I’ve had a good start for the current year of 2023.
I was invited and I attended the creamery association every decade meeting in the third year of the decade prior to high noon the 31st of January.
Translated to the exact date of meeting high noon, January 2, 2023 for this decade.
The qualification to be invited was to have delivered milk to one of, at that time, creameries business in Minnesota counties of Steele, Waseca, Mower, or Freeborn. Through my parents and grandparents I’ve helped deliver milk to the following creamers, Otisco, Lemond, St. Olaf, Berlin and Hope.
This decade's meeting was held in “Mas-Cow,” MN. The reason the meeting was held there was a “Play on words,” and “That’s no bull.”

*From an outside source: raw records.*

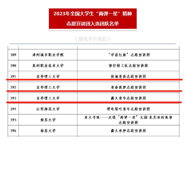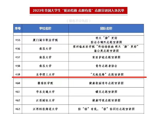 今年4月,团中央青年志愿者行动指导中心联合全国青少年井冈山革命传统教育基地、井冈山管理局、中国核工业集团有限公司、国家疾病预防控制局传染病防控司等单位开展了2023年“井冈山精神”“两弹一星”精神及“防治结核,志愿有我”志愿宣讲团队遴选活动。在近日公布的遴选活动结果中,开云手机端·官方版在线团委选送的“青春筑梦”志愿宣讲团、马克思主义学院选送的江西青马宣讲团开云手机端·官方版在线团队、校青协与医务所联合推送的“无疾先锋”志愿宣讲团等6支团队脱颖而出,成功入选三大系列全国志愿宣讲团队。
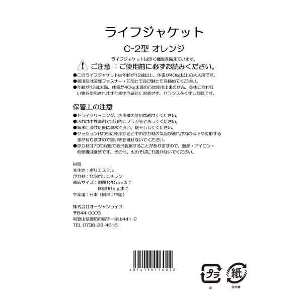 桜マーク付 ライフジャケット 小型船舶用 C−2 オレンジ 2着セット 救命胴衣 津波水害対策 防災
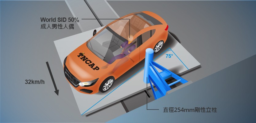 側方立柱撞擊試驗為模擬車輛因打滑失控導致車輛側面撞至路旁的電線桿、路樹或路燈柱等剛性物體的事故型態,且因該事故型態通常較為嚴重
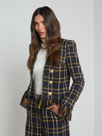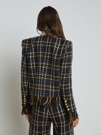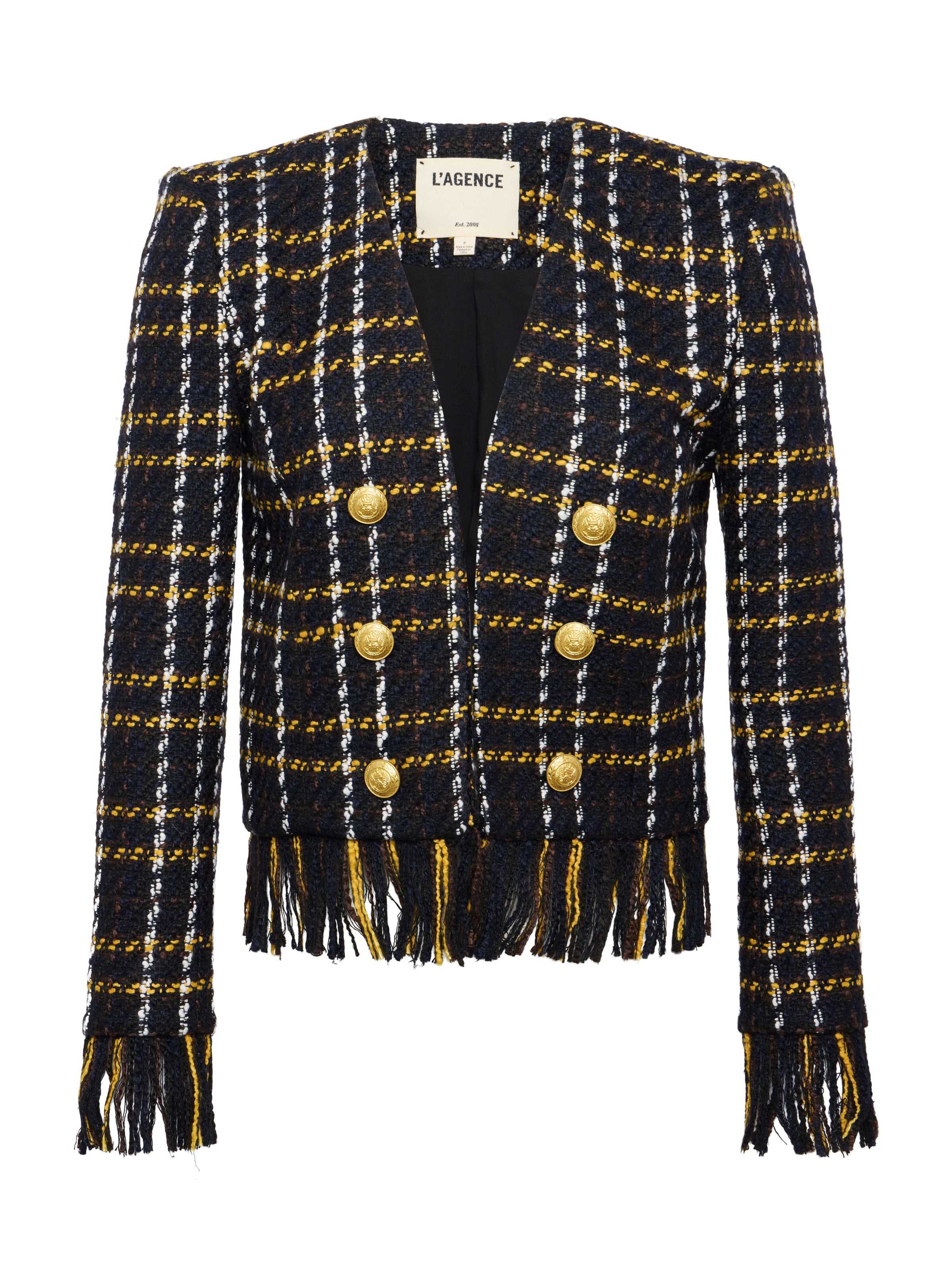 Fringe trim adds a subtle boho charm to this classic plaid jacket. • Tweed plaid • Fully lined • Open-front style • Slightly boxy cropped cut • Strong shoulders • Fringe trim • Embossed dome buttons • Four-button cuffs Style No. 1854TYS-BYMP DETAILS & FIT - Model Details: Height 5'10" | Bust 32" | Waist 24" | Hips 34.5" | Wearing Size 2 - About 20" From Shoulder to Hem - Sleeve Length: 22.8" MATERIALS & CARE Composition - 100% Polyester - Imported

Much reminiscing was done as each attendee was asked to tell at least one true factual event of a creamery they had delivered milk to.
Following are the true factual stories I told:
After delivering milk to the creamery in Hope, my Irish grandfather took me to a tavern in Hope. There I learned how to sprinkle salt from a bar salt shaker into a niche formed by your thumb and first finger to add a little salt to your tap beer as you drank it!!
When we delivered milk to the creamery in Lemond, it was a must to time it such that the Lemond grocery store was open to get an ice cream treat.
The creamery on the shore of St. Olaf Lake suddenly lost it’s boiler in the middle of the winter. Milk was hauled to nearby creameries until a new boiler could be installed. The new boiler was installed and St. Olaf Creamery now
had an extra non-working boiler. Being as how the board of directors were very sharp Norwegians, the extra non-working boiler problem was solved very easily. It was hauled out on the ice at St. Olaf and left there. The generator now rests on the bottom in about 18 feet of water on state owned land.
As time went by the dairy industry went through many changes. Of all the old creameries in Minnesota, I’m aware of only one currently operating and that is the Hope Creamery owned by Victor Mrotz in the making of the very popular Hope butter.
Many of the creamery buildings were converted to other uses. For ex-
ample: a restaurant, a home, some type of supply store, a storage building, a museum, a repair store etc. For example, Otisco Creamery was at one time a very nice supper club. (I’ve attended new Richland class reunions with the waitress being my sister-in-law in the former creamery in down-town Otisco.)
My norwegian grandfather had the unusual ability to find the exact spot where he unwanted to fish on the St. Olaf Lake. He could find the sunken boiler by using where two trees on the shore, one from the north, one from the west, made an imaginary right angle to locate the boiler. Many times we only kept the bigger fish.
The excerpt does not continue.